First-time buyers have one bomb resource on their side: lending options. Sure, you can walk into your local bank, apply for one loan product and call it a day. But unearthing the best deal requires a little more research and inquiry. Here’s how to find the best mortgage lender and loan for you.
Mortgage Lenders: Your Options
Your first objective? Educate yourself on the mortgage process and decide which lender type is right for you. And know this: No one lender has a magic source of funds.
Here’s how the world of mortgages works: Fannie Mae and Freddie Mac (government-sponsored enterprises) buy almost all of the loans underwritten and funded by depository institutions and mortgage companies (where you are going to get your loan, see below). Most of the rest are purchased by Wall Street hedge funds, and a very small number are held "in portfolio." So, in every transaction there are at a minimum two parties: the depository institution or mortgage company that underwrites (handles all the paperwork to get you approved) and funds the loan, and Fannie, Freddie or a Wall Street hedge fund that buys the loan. Brokers get involved as a third party when depositories and mortgage companies outsource the loan processing function.
To complicate things further (and probably more information than you need), sometimes the broker brokers to the mortgage company, the mortgage company pre-sells a small pool to a larger mortgage company, a servicer or a depository (i.e. Wells Fargo) and that company sells to Fannie or Freddie but retains the servicing.
Depository institutions include banks, savings and loans and credit unions. They underwrite as well as set pricing in-house, which means a faster process and more competitive rates. But not always. Depository institutions offer a limited number of programs, so you should be prepared to jump start the search for a lender and loan if your application is denied.

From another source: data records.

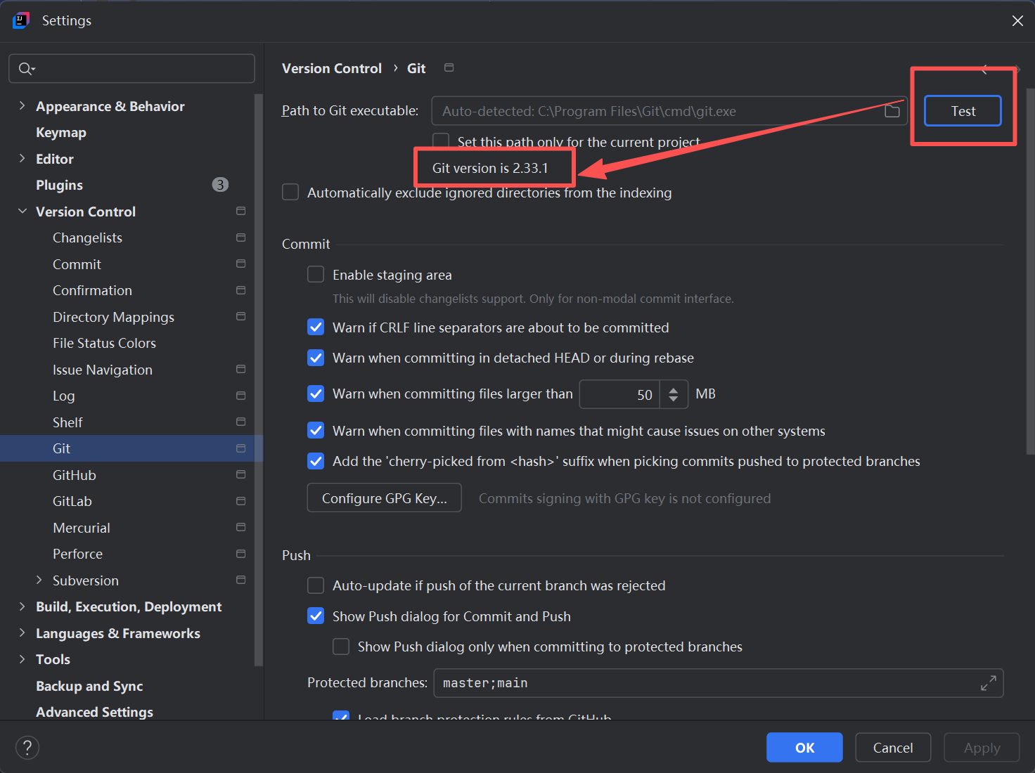 ① 初始配置与仓库关联:首次使用需在「File → Settings → Version Control → Git」中指定Git可执行文件路径(IDE通常会自动识别),如下图所示: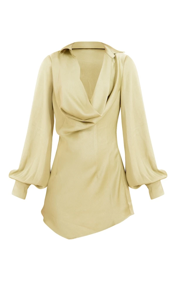 Robe-chemise satinée texturée vert sauge à col bénitier détaillé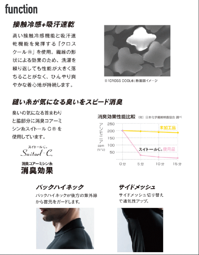 ・高い接触冷感機能と吸汗速乾機能を発揮する「クロスクール」を使用。繊維の形状による効果のため、洗濯を繰り返しても性能が大きく落ちることがなく、ひんやり爽やかな着心地が持続します

Mortgage companies are mortgage lenders who underwrite loans in-house and fund loans from a line of credit before selling them off to a loan buyer. The benefits? You can expect a larger (although not unlimited) portfolio of loan products and more options for pricing, which could save you a little money. But again, be prepared to start from scratch if your application gets the thumbs down.
Mortgage brokers outsource underwriting to banks or mortgage lenders, which may add a day or two to the process. On the flipside, brokers have access to dozens of lenders and hundreds of programs, which means they can offer competitive pricing and find programs to fit almost every borrower. And contrary to common perception, brokers do not add cost to a mortgage. They are paid like travel agents. Banks and mortgage lenders outsource the origination function to brokers, and pay them what they would pay their own in-house loan officers.
How to Comparison Shop
Yes, you could shop by best mortgage interest rate, but shopping by rate/price combo may be your best bet. Here’s why:
Mortgage interest rates are generally quoted in 1/8 percent increments, and so there are a finite number offered. The price for that interest rate, however, is quoted down to the thousandths of a percent, and can be anything along that range. It is much easier to pick a target rate and then shop for the price. Once you’ve selected a lender, you can still ask for other interest rate options. Let’s walk through this.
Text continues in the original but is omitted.